Дмитрий Старицкий - Недоделанный король
— Что тебя гнетет, сын мой? — раздался из-за деревянной решетки скрипучий голос отца Васко.
— Mea culpa, святой отец, — немного промедлив, произнес я на латыни ритуальную фразу.
Раз уже залез в исповедальню, надо делать вид, что исповедуешься. Ибо… Ибо чревато обратное.
Гроб с телом Грини обряженного в его лучшие одежды поставили в церкви на специальном помосте, который под руководством отца Жозефа принесли по частям из каких-то подсобок и собрали в центральном нефе прямо на месте, задрапировав сооружение красной тканью. Мне показалось, что этот предмет мебели при церкви постоянный, потому как периодически люди умирают даже в благословенной Басконии и не делать же такую вещь по каждому скорбному случаю заново.
Приготовив все к отпеванию, отец Жозеф и его помощники прочитав по короткой молитве, удалились, плотно затворив за собой двери храма. Даже на замок заперли, чтобы нам никто не помешал.

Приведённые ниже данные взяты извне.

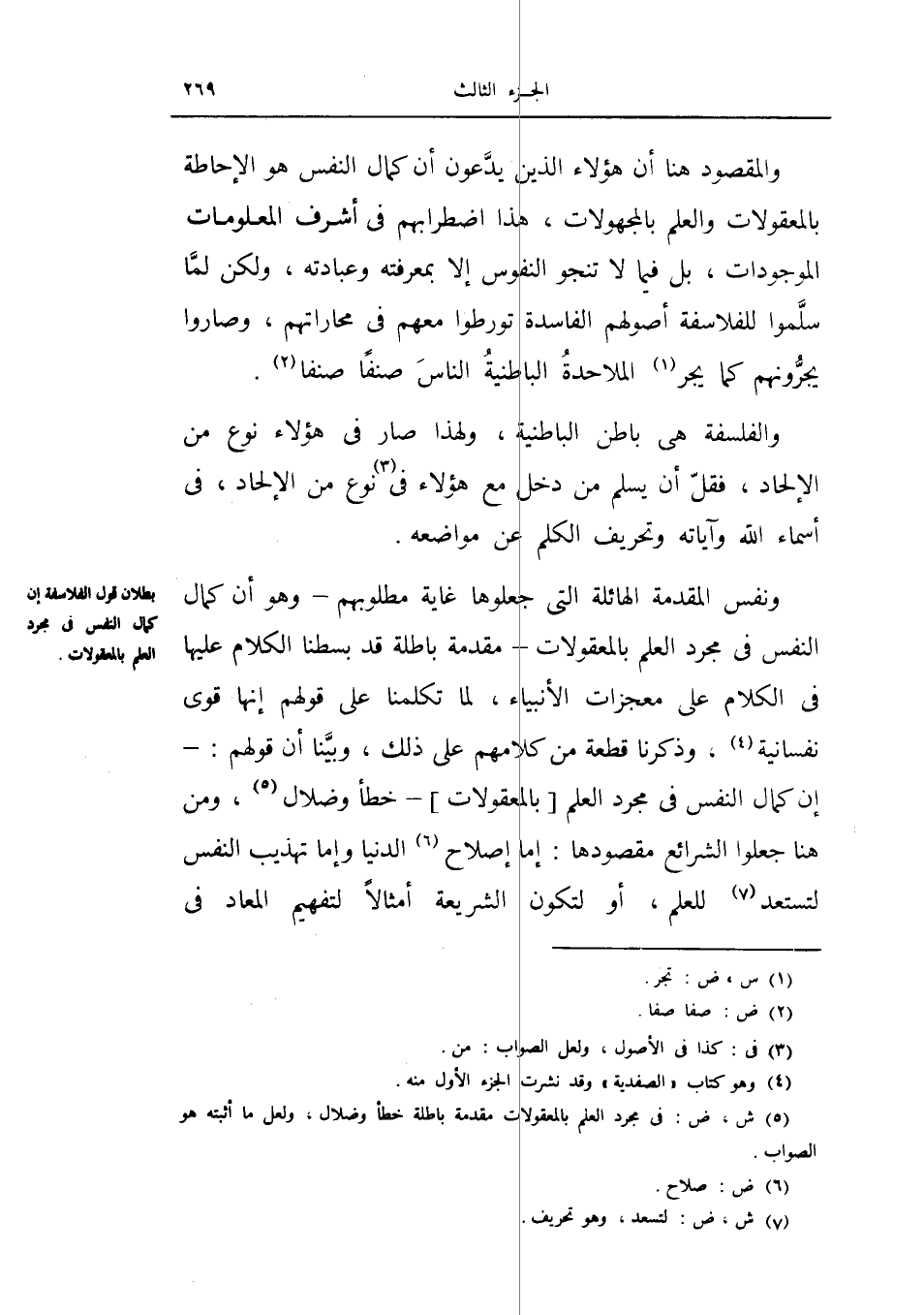 والمقصود هنا أن هؤلاء الذين يدعونان كمال النفس هو الإحاطة بالمعقولات والعلم بالمجهولات هذا اظطرابهم في أشرف المعلومات الموجودات، بل فيما لا تنجو النفوس إلا بمعرفته وعبادته، ولكن لما سلموا للفلاسفة أصولهم الفاسدة تورطوا معهم في محاراتهم وصاروا يجرونهم كما يجر الملاحدة الباطنية الناس صنفاً صنفاً.
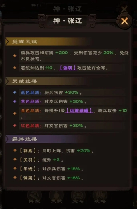 3、接下来聊聊兵种武将。这类武将的核心机制是通过天赋与技能的多重BUFF叠加,依托兵种的普攻和小技能来输出伤害。拿张辽举个典型例子:他的蓝色天赋对骑兵有伤害加成,紫色天赋针对步兵增伤,金色天赋能提升“运筹帷幄”等级来强化骑兵攻击——而“运筹帷幄”本身是给兵种加伤减伤的;红色天赋则对文官有加成。可以看出,张辽自身并没有直接强化输出技能的机制,主要靠叠加BUFF获取兵种伤害增益,由小兵承担输出主力,通常会等技能型武将的爆发期过去后,再持续输出。这类兵种武将还有不少典型代表,比如赵云、张飞、夏侯渊、马超、大乔等,他们需要先提升自身减伤能力,拖到近战回合再打出伤害。
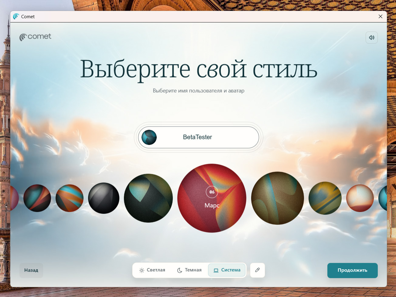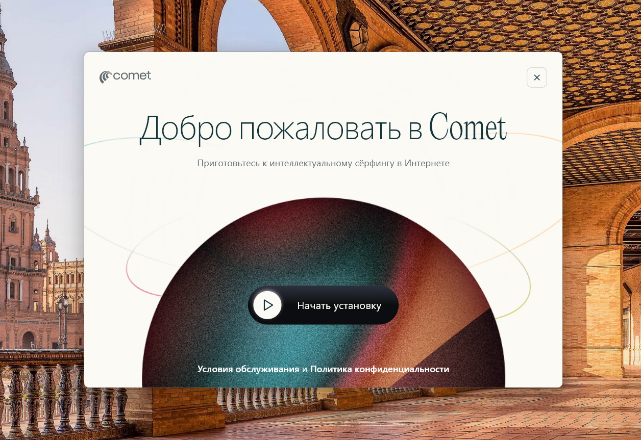 Во время установки Comet обильно пускает пыль в глаза. Это не установка браузера, а настоящее шоу с музыкой и звуковыми эффектами. Пользователь должен сразу понять, что это не очередной Chromium-продукт, а инновация. Я иронизирую, но процесс установки мне и правда понравился. Создает настроение.
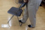 ② 椅子の前端下をそれぞれの手で持ち、先ず身体を後ろに倒し、椅子
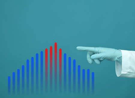 hand of a medic in a blue latex glove points to the graph, blue background. Disease Rise and Epidemic Decline Concept
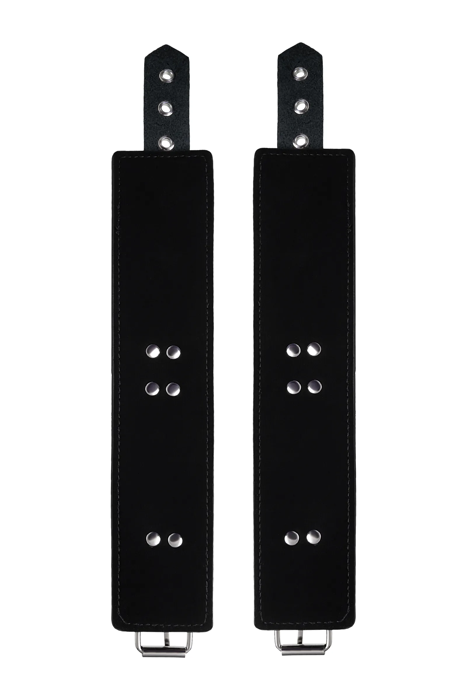 Изготавливаются из натуральной кожи с велюровой подкладой. При изготовлении использована фурнитура с никелевым покрытием. Между слоем основы и подкладой проложена мягкая прокладка. Соединяются между собой коротким ремешком с двумя карабинами на концах. Не нарушают кровообращение, надёжно фиксируются на запястьях. Размер универсальный.
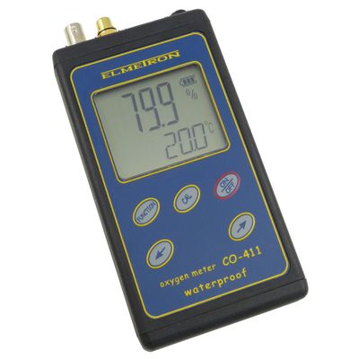 - Measures oxygen dissolved in water in % and mg/l, oxygen in the air in % and temperature.

Мертвое лицо Мамая лишь слегка заострилось, но в мреянии неверного света десятка свечей казалось, что принадлежало оно безмятежно спящему человеку. Лишь большие серебряные монеты на его глазах указывали на скорбный случай этой нашей встречи. Поцеловав холодный лоб казака я, смахнув невольную слезу, ушел в глубину храма, где и сел на скамью, глядя, как в скрещенные руки Мамая амхарцы вставили толстую восковую свечу, огня которой должно было хватить на всю ночь, предварительно зажегши ее от лампады под иконой Григория Турского, святого покровителя покойного. После чего они взяли гроб в ‘’коробочку’’ и, встав на колени, отдали Мамаю последние почести.
Всю оставшуюся ночь рыцарственные монахи провели в бдении с оружием у гроба казака. Надели кольчуги на голое тело, прикрылись плащами и стоя на коленях, опираясь ладонями на крестовины мечей, негромко пели какие-то гимны на своем тарабарском языке. Отпевали соратника. И это совсем не было похоже на привычный для меня православный обряд отпевания. Единственная мелодия, показавшаяся мне знакомой, напоминала песенную молитву русских монахов ‘’С нами Бог’’, все остальное было мне в новинку. В этом их действе чувствовалось что-то совсем уж древнее, непонятное современному уму, но продирающее до печенок.
Я сидел от них поодаль и, как мог, как умел, молился за Гринину душу, чтобы ему в посмертии было так же хорошо, как он в это сам верил. Заставить самого себя поверить в загробный мир я так и не смог, несмотря на чудо переселения собственного разума в чужое тело. Разве что в индуистский метемпсихоз, раз уж мне его наглядно продемонстрировали.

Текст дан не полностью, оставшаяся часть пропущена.